Cette thématique regroupe tous les développements méthodologiques de l’équipe ModES qu’il s’agisse de logiciels ou de l’élaboration de protocoles afin de traiter des systèmes particuliers.
The bonding in many compounds containing heavy atoms is still unclear, especially because of relativistic effects and in particular the spin-orbit coupling (SOC). The latter complicates the possibility of imagining a bridge between the complex electronic structure and simple concepts, such as covalent and ionic bonds, single and multiple bonds, VSEPR structure, etc. In this perspective, we are developing various innovative tools to probe the effects of SOC on the chemical bond.
In this perspective, we develop various innovative tools for probing the SOC effects on the chemical bonding. The topological analysis of the electron localization function (ELF) and the Bader’s theory of atoms in molecules (QTAIM), were introduced into the formalism of two-component relativistic DFT calculations (Figure below). Regarding the molecular orbital theory, the effective bond order (EBO) concept was extended to multi-configurational wave functions at the spin-orbit configuration interaction level (SOCI).
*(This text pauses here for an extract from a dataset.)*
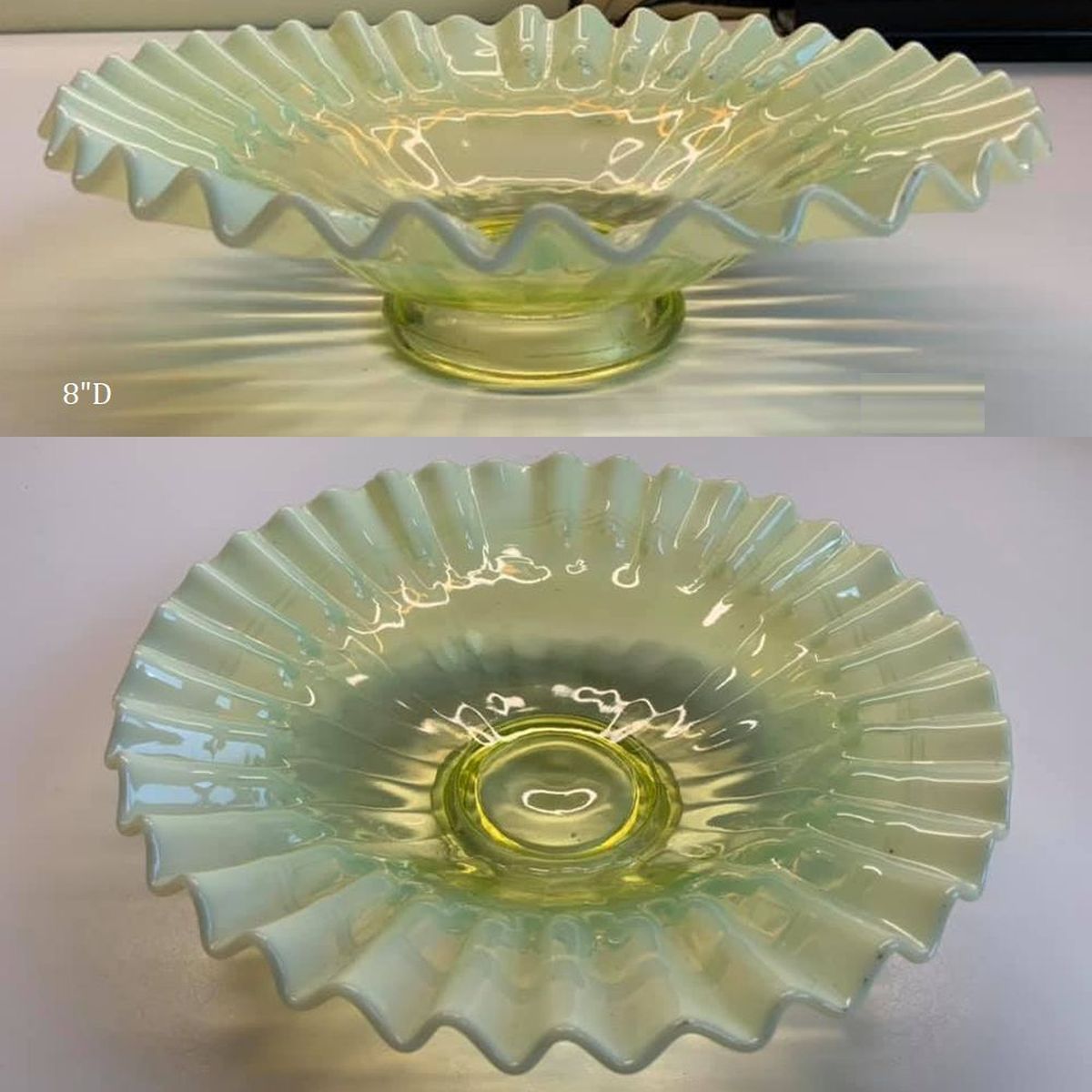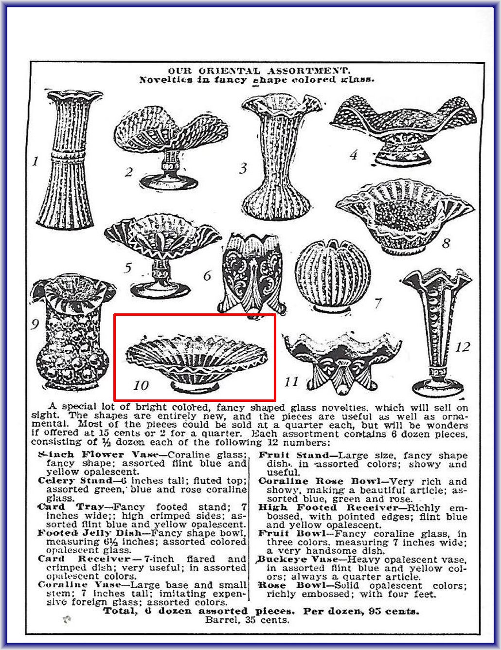 NOTE: Gene Serbus - This bowl appears to be one pictured (No. 10) in a G. Sommers and Co. catalog from 03-04-1901. It reads:"Card Receiver - 7", flared and crimped dish..." Reference: Dugan/Diamond by Heacock, Measell, & Wiggins. page 34
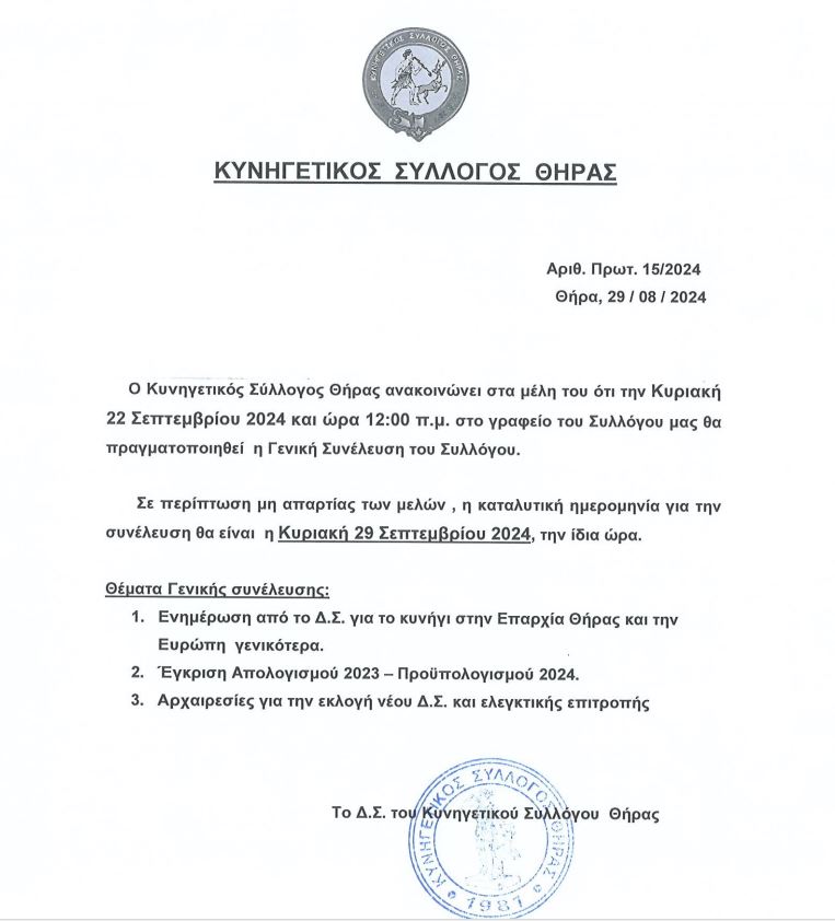Γ.Σ και εκλογές στον Κηνηγετικό Σύλλογο Θήρας

The team is also developing functional benchmarks tests as part of the simulation of optical spectra. More specifically, we were interested, in collaboration with the teams of Carlo Adamo (Paris) and Benedetta Mennucci (Pisa) in the energies of 0-0 transitions as well as in the shapes of the absorption and emission bands. The objective was to answer several questions: a) what is the most suitable functional for a particular spectroscopic characteristic ? b) what precision can be expected? c) is this precision uniform for all the families of transitions present in organic compounds?
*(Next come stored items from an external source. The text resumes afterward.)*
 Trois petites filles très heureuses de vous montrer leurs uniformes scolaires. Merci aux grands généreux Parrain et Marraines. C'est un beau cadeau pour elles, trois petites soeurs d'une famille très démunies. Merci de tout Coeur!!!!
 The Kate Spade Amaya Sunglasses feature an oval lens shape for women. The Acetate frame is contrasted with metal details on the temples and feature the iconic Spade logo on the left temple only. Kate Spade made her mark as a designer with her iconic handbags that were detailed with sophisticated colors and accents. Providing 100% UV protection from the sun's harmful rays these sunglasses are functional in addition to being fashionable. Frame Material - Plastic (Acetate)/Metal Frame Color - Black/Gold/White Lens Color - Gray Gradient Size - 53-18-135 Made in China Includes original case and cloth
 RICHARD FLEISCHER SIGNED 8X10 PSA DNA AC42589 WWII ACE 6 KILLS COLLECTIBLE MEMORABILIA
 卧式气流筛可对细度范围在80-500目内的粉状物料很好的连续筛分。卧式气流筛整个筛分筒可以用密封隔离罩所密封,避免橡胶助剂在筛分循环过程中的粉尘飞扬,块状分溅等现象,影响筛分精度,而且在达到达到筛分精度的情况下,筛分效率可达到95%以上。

We also study the strengths and weaknesses of the GW / BSE approach from solid state physics as part of the modeling of excited states of molecules. This work, carried out in collaboration with the team of Xavier Blase (Grenoble) made it possible, among other things, to show the interest of this approach for the states presenting a strong multiplied excited character.
Finally, in collaboration with Dr. Pierre-François Loos, we define very precise vertical transition energies by combining Coupled-Cluster and selected CI approaches. The goal is to have an undeniable set of quality values at hand so that we can objectively assess lighter methods. These approaches are also used to achieve chemical precision for energies 0-0.
Reference publications:
TD-DFT related:
- D. Laurent, D. Jacquemin Int. J. Quantum Chem. 2013, 113, 2019-39.
- A. Charaf-Eddin et al. J. Chem. Theory Comput.2013, 9, 2749-2760.
BSE related:
- Jacquemin, I. Duchemin, X. Blase J. Chem. Theory Comput. 2015, 11, 5340-5359.
- D. Jacquemin, I. Duchemin, X. Blase J. Chem. Theory Comput. 2015, 11, 3290-3304.
- D. Jacquemin, I. Duchemin, X. Blase Chem. Soc. Rev. 2018, 47, 1022-1043.
High-accuracy related :
COPReMo (COlor PRediction of Molecules): python package for predicting color from an absorption or emission spectrum.
CT (Charge Transfer): Fortran code to obtain the electronic density difference between states and to calculate charge transfer parameters from cube files generated by Gaussian.